Это была первая увиденная им даль: сейчас он понимает, что был взращен ею не менее, чем голосами старших, и, возможно, от обоих учителей воспринял это беспокойное стремление к далекому, желание идти за пределы того, что доступно взгляду и подвластно памяти. Когда Мануэль только начинал ходить, они с отцом, державшим его за руку, спускались по улице Тринадцатого сентября или Восемнадцатого июля и доходили до насыпи, откуда был виден весь прозрачный и голубоватый простор долины. У него кружилась голова, когда он смотрел на окна казармы, выходящие на юг, и большой резервуар с водой, стоящий на железном каркасе, где, как рассказывали, однажды утонул рекрут. Ограда вокруг казармы, поднимавшаяся с южной стороны до уровня насыпи, была высокой, как стены замков, через которые перебирались сказочные герои: за ними жил человек, о котором он слышал разговоры взрослых намного раньше, чем стал их понимать, – майор Галас, воображаемый могущественный персонаж в высоких сапогах и с пистолетом за поясом, такой же легендарный, как дон Мануэль Асанья или бронзовый генерал, стоящий на площади с часами. Зимними ночами, засыпая, он слышал сквозь свист ветра звук горна, игравшего отбой. Мануэль видит свою мать очень молодой, наклонившейся над ним в мансарде, видит потолок из тростника и глины, как на сеновале, столик с жаровней у окна, впускающего внутрь желтое неподвижное солнце, свет которого кажется неотделимым от щебетания птиц на вершинах индийских каштанов и песен девочек, прыгающих через скакалку в долгие апрельские и майские вечера, когда после возвращения из школы у них остается еще несколько светлых часов. Но сейчас им владеют уже не чужие воспоминания: будто подплывая к берегу и боязливо нащупывая дно, он ступает на первую твердую почву, действительно ему принадлежащую, все еще находящуюся под водой, непрочную, ускользающую и в то же время широкую и надежную, как земля рая. На серванте, на высоте, недоступной его рукам, стоят кофейные чашки с нарисованными рыбками нежно-кремового цвета и маленькие животные, вырезанные из картонных коробок из-под лекарств. Раскинув крылья, на стене неподвижно сидит фарфоровая птица, и он часами смотрит на нее из своей колыбели, удивляясь, что она не улетает, как другие птицы, которых он видит со своего стульчика у окна. Но все находится очень высоко и далеко, как тени на потолке, пересекаемом по диагонали балкой, как лицо отца, когда Мануэль обнимает его колени и, вытягивая руки, едва касается его ремня.

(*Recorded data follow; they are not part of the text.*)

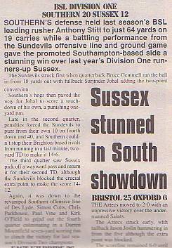 25th April - Southern Sundevils 20-12 Sussex Thunder, BSL Division One. Report
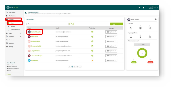 When accessing the Ironchip platform, you will find the company management panel under the "Get Started" tab. Through this panel, you can perform various functions such as managing user access to the services you desire, as well as adding and removing these users, among other functions.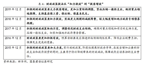 2、“逆周期”政策大方向、基调、力度还是延续2019年下半年,但节奏仍将稳健,而且更加重视组合拳,结构性。中央经济工作会议提出“必须科学稳健把握宏观政策逆周期调节力度”。对逆周期调控力度的表述与2019年Q4政治局会议相仿。2019年Q4政治局会议“用好逆周期政策工具”的提法是11月的总理座谈会上提出的。2018年12月中央经济工作会议的提法是“宏观政策要强化逆周期调节,实施预调微调,稳定总需求”。
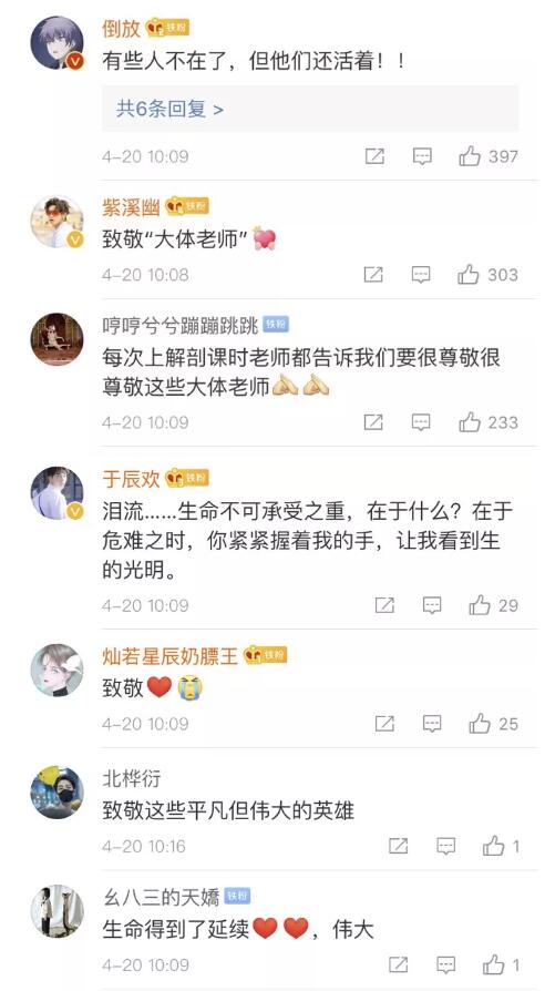 “感謝您及家人無私捐獻逝者遺體用于醫(yī)學研究,為我國抗擊新型冠狀病毒肺炎疫情作出突出貢獻。對您及家人的這種無私奉獻精神,我們表示由衷的欽佩!正是由于有你們的奉獻行動,醫(yī)學事業(yè)才得以推動進步和發(fā)展。謹向逝者致以深切的哀悼,并向您和家人表示崇高的敬意!”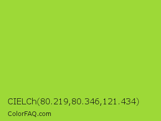 CIELCh 80.219,80.346,121.434 Color is a normal green color and the nearest color is Yellow Green #9acd32. Hex code #9dd937 and RGB value is rgb(157,217,55). In RGB color space, this color is composed of 62% red, 85% green, 22% blue, In CMYK color space, this color is composed of 28% cyan, 0% magenta, 75% yellow , 15% black , In HSL color space, this color has a hue angle of 82° , 68% saturation and 53% lightness.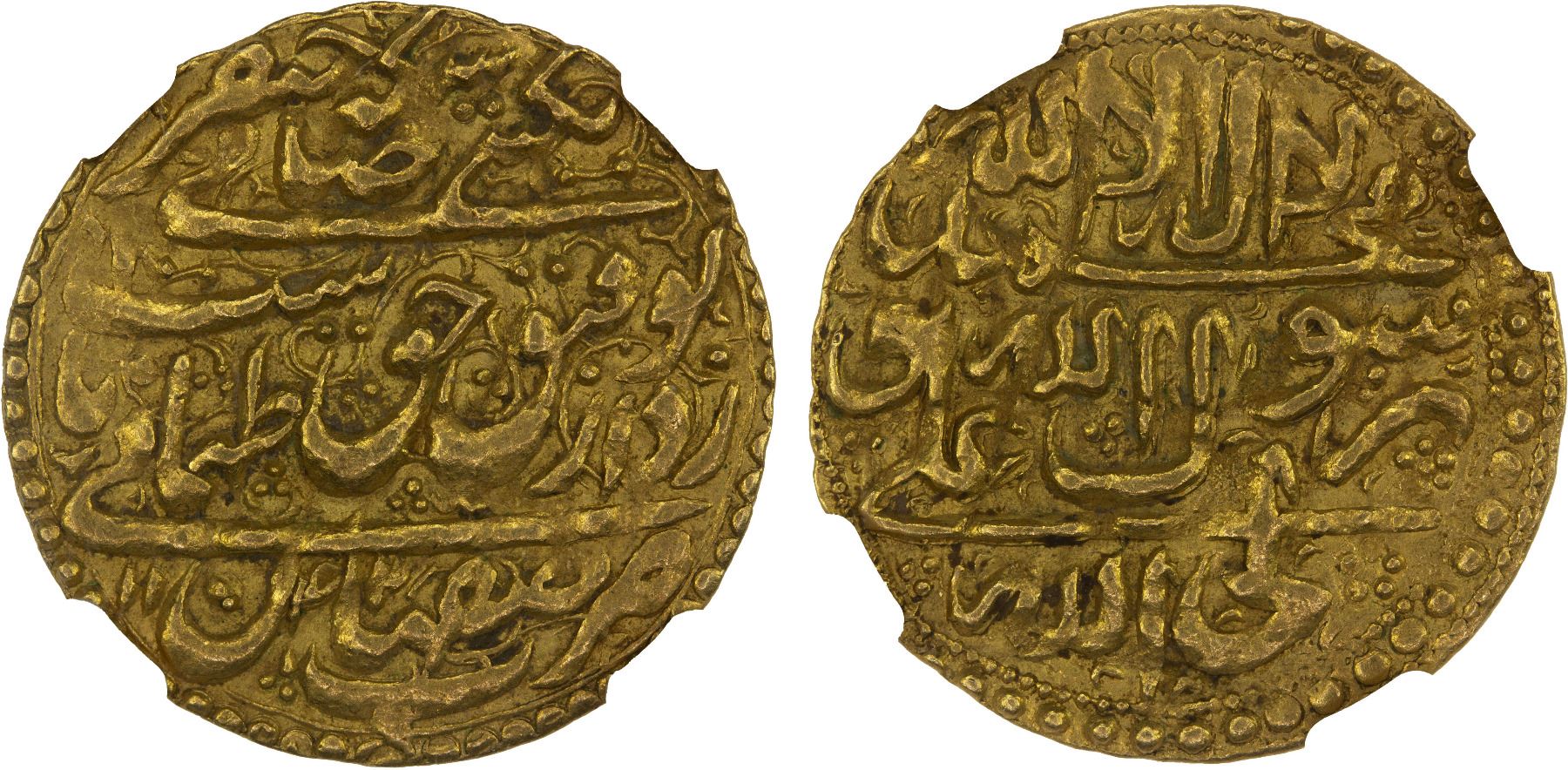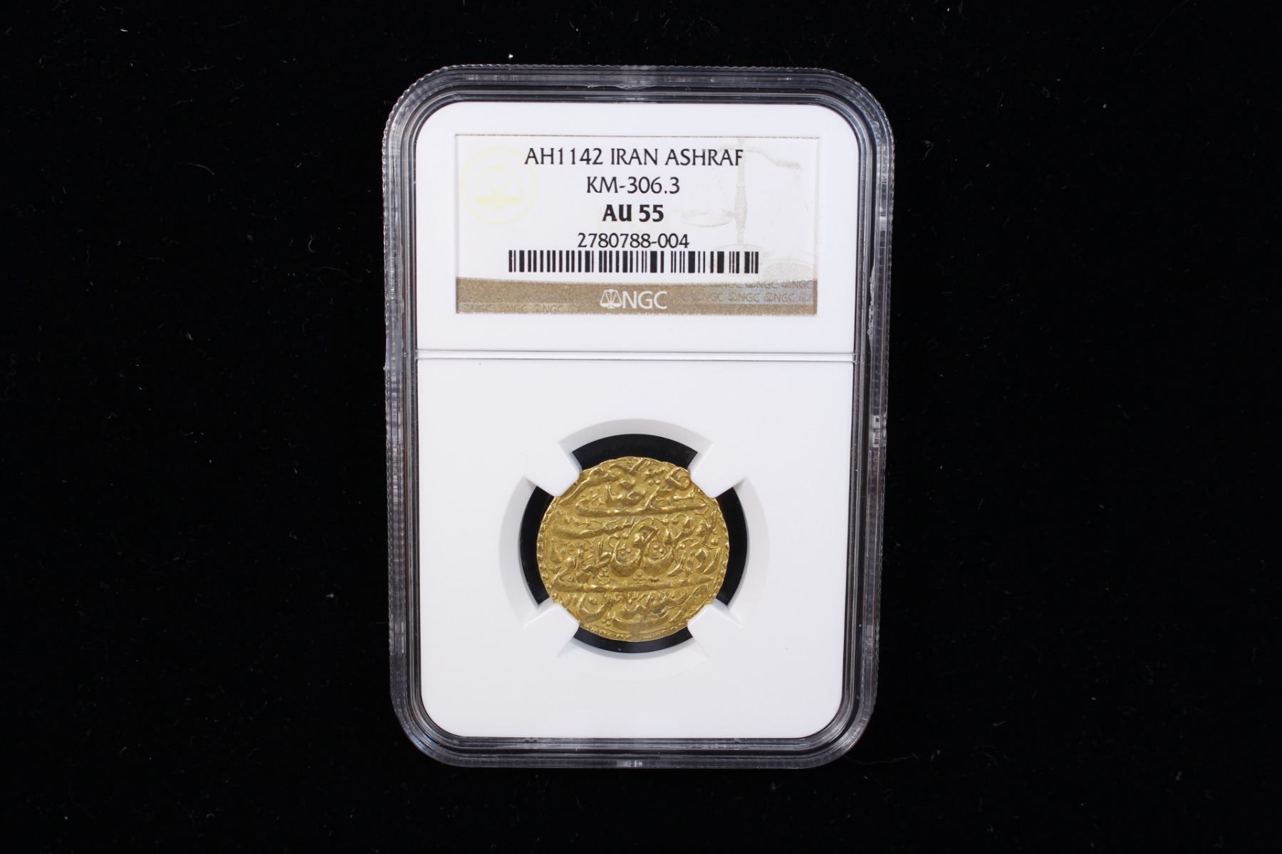 SAFAVID: Tahmasp II, 1722-1732, AV ashrafi, Isfahan, AH1142, A-2688, KM-306.3, fully legible mint & date, NGC graded AU55, R.

То, что ему рассказывали, и то, что он едва помнит, смешивается в отдаленных уголках памяти, как земля и небо на ночном горизонте.
– Ты родился в год сильных холодов, – рассказывали Мануэлю, и ему кажется, что эти слова, касающиеся его жизни, относятся ко времени, задолго предшествовавшему существованию не только его самого, но и всего человечества, – к темной и необитаемой эпохе первых веков мира. В разгаре дня его отец лежит на кровати, и Мануэль понимает, что это нарушение незыблемого порядка вещей, так же как запах лекарств и сожженного в металлическом сосуде спирта, оставшийся после ухода ужасного человека – толстого, лысого, с черными усами, которого называют врачом, доктором Мединой. Лицо у отца желтое, оттеняемое белизной загнутой простыни у подбородка – тоже желто-серого. Появляется другой человек и садится возле кровати. Он улыбается, поднимает Мануэля – так что тот не чувствует своего веса, – сажает себе на колени и берет коробку из-под лекарств и ножницы. Пальцы и блестящие лезвия некоторое время загадочно двигаются, пока на ладони человека не появится вместо длинной картонной коробки лающая собака, такая же остромордая, как и другая – тень, отбрасываемая его пальцами на побеленную стену.
– Решайся, брат, – говорит он, – я подожду твоего выздоровления, и поедем вместе в Мадрид, а здесь ничего не дождешься, кроме нищеты.